Following the collapse of the Roman empire, the battle royal fell out of vogue as a form of entertainment until the 19th century, when it resurfaced in the United States.
Before 1865, when the Thirteenth Amendment to the United States Constitution was signed, battles royal often appeared on the undercard of boxing matches. These fights would normally involve five or six slaves fighting blindfolded and bare-knuckled. Depending on the pre-agreed rules, these fights would either last until one man was left standing, the winner, or until two remained standing, at which point the blindfolds would be removed from the combatants and the fight continued until one was unable to continue. The owner of the winner would receive the prize, which was usually small.
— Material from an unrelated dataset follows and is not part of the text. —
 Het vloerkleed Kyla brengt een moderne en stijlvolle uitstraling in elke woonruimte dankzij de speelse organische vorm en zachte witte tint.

The practice of fighting battles royal in this context continued long after the abolition of slavery. Some were still fought legally in the 1930s albeit with the use of gloves. However, most bouts in this period were fought illegally at "smokers," unsanctioned and unregulated boxing matches, as preludes to the main event. Almost all fighters at these contests, both legal and illegal, were still black African-Americans, although they were now allowed to keep their winnings which would be as little as $2, and not more than $5. A battle royal is the subject of the first chapter of Ralph Ellison's novel Invisible Man.
Many major black boxers of the early 20th century gained their first in-ring experience at these battles royal. Such fighters include Jack Johnson, Beau Jack, and Joe Gans.